> **What you should do**: Could you retype all of the data below exactly as given?

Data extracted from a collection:
»»
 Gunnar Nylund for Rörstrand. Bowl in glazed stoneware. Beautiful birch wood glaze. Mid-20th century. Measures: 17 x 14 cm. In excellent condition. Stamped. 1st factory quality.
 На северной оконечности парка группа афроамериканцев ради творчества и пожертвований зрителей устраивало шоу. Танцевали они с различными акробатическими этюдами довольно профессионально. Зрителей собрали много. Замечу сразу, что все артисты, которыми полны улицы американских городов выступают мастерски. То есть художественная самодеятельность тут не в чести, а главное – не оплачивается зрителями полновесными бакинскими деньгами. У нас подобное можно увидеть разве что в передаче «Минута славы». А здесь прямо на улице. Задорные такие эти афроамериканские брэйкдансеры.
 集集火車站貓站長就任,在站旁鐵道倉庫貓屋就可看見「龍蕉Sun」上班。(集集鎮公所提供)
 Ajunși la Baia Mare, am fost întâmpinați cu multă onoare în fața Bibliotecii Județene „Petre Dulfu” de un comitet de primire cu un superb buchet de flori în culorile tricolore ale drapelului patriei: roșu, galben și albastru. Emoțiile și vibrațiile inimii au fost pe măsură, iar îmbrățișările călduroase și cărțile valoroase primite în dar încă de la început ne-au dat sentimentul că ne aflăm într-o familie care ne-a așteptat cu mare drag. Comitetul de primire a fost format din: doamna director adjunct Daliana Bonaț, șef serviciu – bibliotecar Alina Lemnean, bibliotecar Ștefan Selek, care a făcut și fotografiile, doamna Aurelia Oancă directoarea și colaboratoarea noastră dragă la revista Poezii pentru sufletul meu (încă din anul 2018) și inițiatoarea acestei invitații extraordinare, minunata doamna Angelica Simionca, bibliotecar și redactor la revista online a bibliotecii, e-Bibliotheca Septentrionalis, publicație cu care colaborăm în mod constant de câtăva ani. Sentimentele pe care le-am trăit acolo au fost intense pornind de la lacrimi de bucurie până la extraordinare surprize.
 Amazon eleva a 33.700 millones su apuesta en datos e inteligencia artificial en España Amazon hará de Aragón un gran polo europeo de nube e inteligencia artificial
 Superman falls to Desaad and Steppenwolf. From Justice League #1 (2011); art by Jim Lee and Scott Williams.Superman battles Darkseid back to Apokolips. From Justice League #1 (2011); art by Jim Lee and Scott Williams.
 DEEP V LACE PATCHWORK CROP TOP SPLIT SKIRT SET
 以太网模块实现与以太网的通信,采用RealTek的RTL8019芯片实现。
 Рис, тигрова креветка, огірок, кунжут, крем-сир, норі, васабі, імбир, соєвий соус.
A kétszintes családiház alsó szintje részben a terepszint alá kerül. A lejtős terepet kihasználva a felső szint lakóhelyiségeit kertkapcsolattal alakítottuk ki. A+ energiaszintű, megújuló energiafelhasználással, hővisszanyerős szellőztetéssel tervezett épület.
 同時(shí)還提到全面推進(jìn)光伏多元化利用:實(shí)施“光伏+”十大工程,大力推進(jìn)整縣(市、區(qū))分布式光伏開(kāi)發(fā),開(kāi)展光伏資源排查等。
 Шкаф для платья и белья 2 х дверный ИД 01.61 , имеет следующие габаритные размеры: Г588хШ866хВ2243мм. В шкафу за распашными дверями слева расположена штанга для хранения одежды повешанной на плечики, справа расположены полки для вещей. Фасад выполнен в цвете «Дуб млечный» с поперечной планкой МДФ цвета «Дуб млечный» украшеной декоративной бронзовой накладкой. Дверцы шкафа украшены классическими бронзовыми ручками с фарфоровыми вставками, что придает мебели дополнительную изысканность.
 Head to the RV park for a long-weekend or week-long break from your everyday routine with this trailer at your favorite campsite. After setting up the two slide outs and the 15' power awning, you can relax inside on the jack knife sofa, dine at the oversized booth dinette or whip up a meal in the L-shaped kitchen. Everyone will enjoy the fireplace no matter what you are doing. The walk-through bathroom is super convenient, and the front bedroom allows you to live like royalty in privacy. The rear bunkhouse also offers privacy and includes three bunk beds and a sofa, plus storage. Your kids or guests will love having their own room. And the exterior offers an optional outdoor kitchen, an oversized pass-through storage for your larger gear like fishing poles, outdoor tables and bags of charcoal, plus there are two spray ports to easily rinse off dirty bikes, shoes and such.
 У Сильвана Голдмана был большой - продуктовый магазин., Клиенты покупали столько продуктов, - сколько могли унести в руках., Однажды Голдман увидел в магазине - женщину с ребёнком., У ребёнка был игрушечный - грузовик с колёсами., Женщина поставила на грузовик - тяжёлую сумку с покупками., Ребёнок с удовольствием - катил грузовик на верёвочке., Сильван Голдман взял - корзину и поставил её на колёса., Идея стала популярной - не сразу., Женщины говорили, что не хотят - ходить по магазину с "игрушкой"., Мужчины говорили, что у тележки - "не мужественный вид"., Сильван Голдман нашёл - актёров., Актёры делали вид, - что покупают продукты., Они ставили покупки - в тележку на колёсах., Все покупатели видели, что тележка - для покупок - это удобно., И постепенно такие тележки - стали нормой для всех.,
««
> **Problem solution**:
 Gunnar Nylund for Rörstrand. Bowl in glazed stoneware. Beautiful birch wood glaze. Mid-20th century. Measures: 17 x 14 cm. In excellent condition. Stamped. 1st factory quality.
 На северной оконечности парка группа афроамериканцев ради творчества и пожертвований зрителей устраивало шоу. Танцевали они с различными акробатическими этюдами довольно профессионально. Зрителей собрали много. Замечу сразу, что все артисты, которыми полны улицы американских городов выступают мастерски. То есть художественная самодеятельность тут не в чести, а главное – не оплачивается зрителями полновесными бакинскими деньгами. У нас подобное можно увидеть разве что в передаче «Минута славы». А здесь прямо на улице. Задорные такие эти афроамериканские брэйкдансеры.
 集集火車站貓站長就任,在站旁鐵道倉庫貓屋就可看見「龍蕉Sun」上班。(集集鎮公所提供)
 Ajunși la Baia Mare, am fost întâmpinați cu multă onoare în fața Bibliotecii Județene „Petre Dulfu” de un comitet de primire cu un superb buchet de flori în culorile tricolore ale drapelului patriei: roșu, galben și albastru. Emoțiile și vibrațiile inimii au fost pe măsură, iar îmbrățișările călduroase și cărțile valoroase primite în dar încă de la început ne-au dat sentimentul că ne aflăm într-o familie care ne-a așteptat cu mare drag. Comitetul de primire a fost format din: doamna director adjunct Daliana Bonaț, șef serviciu – bibliotecar Alina Lemnean, bibliotecar Ștefan Selek, care a făcut și fotografiile, doamna Aurelia Oancă directoarea și colaboratoarea noastră dragă la revista Poezii pentru sufletul meu (încă din anul 2018) și inițiatoarea acestei invitații extraordinare, minunata doamna Angelica Simionca, bibliotecar și redactor la revista online a bibliotecii, e-Bibliotheca Septentrionalis, publicație cu care colaborăm în mod constant de câtăva ani. Sentimentele pe care le-am trăit acolo au fost intense pornind de la lacrimi de bucurie până la extraordinare surprize.
 Amazon eleva a 33.700 millones su apuesta en datos e inteligencia artificial en España Amazon hará de Aragón un gran polo europeo de nube e inteligencia artificial
 Superman falls to Desaad and Steppenwolf. From Justice League #1 (2011); art by Jim Lee and Scott Williams.Superman battles Darkseid back to Apokolips. From Justice League #1 (2011); art by Jim Lee and Scott Williams.
 DEEP V LACE PATCHWORK CROP TOP SPLIT SKIRT SET
 以太网模块实现与以太网的通信,采用RealTek的RTL8019芯片实现。
 Рис, тигрова креветка, огірок, кунжут, крем-сир, норі, васабі, імбир, соєвий соус.
A kétszintes családiház alsó szintje részben a terepszint alá kerül. A lejtős terepet kihasználva a felső szint lakóhelyiségeit kertkapcsolattal alakítottuk ki. A+ energiaszintű, megújuló energiafelhasználással, hővisszanyerős szellőztetéssel tervezett épület.
 同時(shí)還提到全面推進(jìn)光伏多元化利用:實(shí)施“光伏+”十大工程,大力推進(jìn)整縣(市、區(qū))分布式光伏開(kāi)發(fā),開(kāi)展光伏資源排查等。
 Шкаф для платья и белья 2 х дверный ИД 01.61 , имеет следующие габаритные размеры: Г588хШ866хВ2243мм. В шкафу за распашными дверями слева расположена штанга для хранения одежды повешанной на плечики, справа расположены полки для вещей. Фасад выполнен в цвете «Дуб млечный» с поперечной планкой МДФ цвета «Дуб млечный» украшеной декоративной бронзовой накладкой. Дверцы шкафа украшены классическими бронзовыми ручками с фарфоровыми вставками, что придает мебели дополнительную изысканность.
 Head to the RV park for a long-weekend or week-long break from your everyday routine with this trailer at your favorite campsite. After setting up the two slide outs and the 15' power awning, you can relax inside on the jack knife sofa, dine at the oversized booth dinette or whip up a meal in the L-shaped kitchen. Everyone will enjoy the fireplace no matter what you are doing. The walk-through bathroom is super convenient, and the front bedroom allows you to live like royalty in privacy. The rear bunkhouse also offers privacy and includes three bunk beds and a sofa, plus storage. Your kids or guests will love having their own room. And the exterior offers an optional outdoor kitchen, an oversized pass-through storage for your larger gear like fishing poles, outdoor tables and bags of charcoal, plus there are two spray ports to easily rinse off dirty bikes, shoes and such.
 У Сильвана Голдмана был большой - продуктовый магазин., Клиенты покупали столько продуктов, - сколько могли унести в руках., Однажды Голдман увидел в магазине - женщину с ребёнком., У ребёнка был игрушечный - грузовик с колёсами., Женщина поставила на грузовик - тяжёлую сумку с покупками., Ребёнок с удовольствием - катил грузовик на верёвочке., Сильван Голдман взял - корзину и поставил её на колёса., Идея стала популярной - не сразу., Женщины говорили, что не хотят - ходить по магазину с "игрушкой"., Мужчины говорили, что у тележки - "не мужественный вид"., Сильван Голдман нашёл - актёров., Актёры делали вид, - что покупают продукты., Они ставили покупки - в тележку на колёсах., Все покупатели видели, что тележка - для покупок - это удобно., И постепенно такие тележки - стали нормой для всех.,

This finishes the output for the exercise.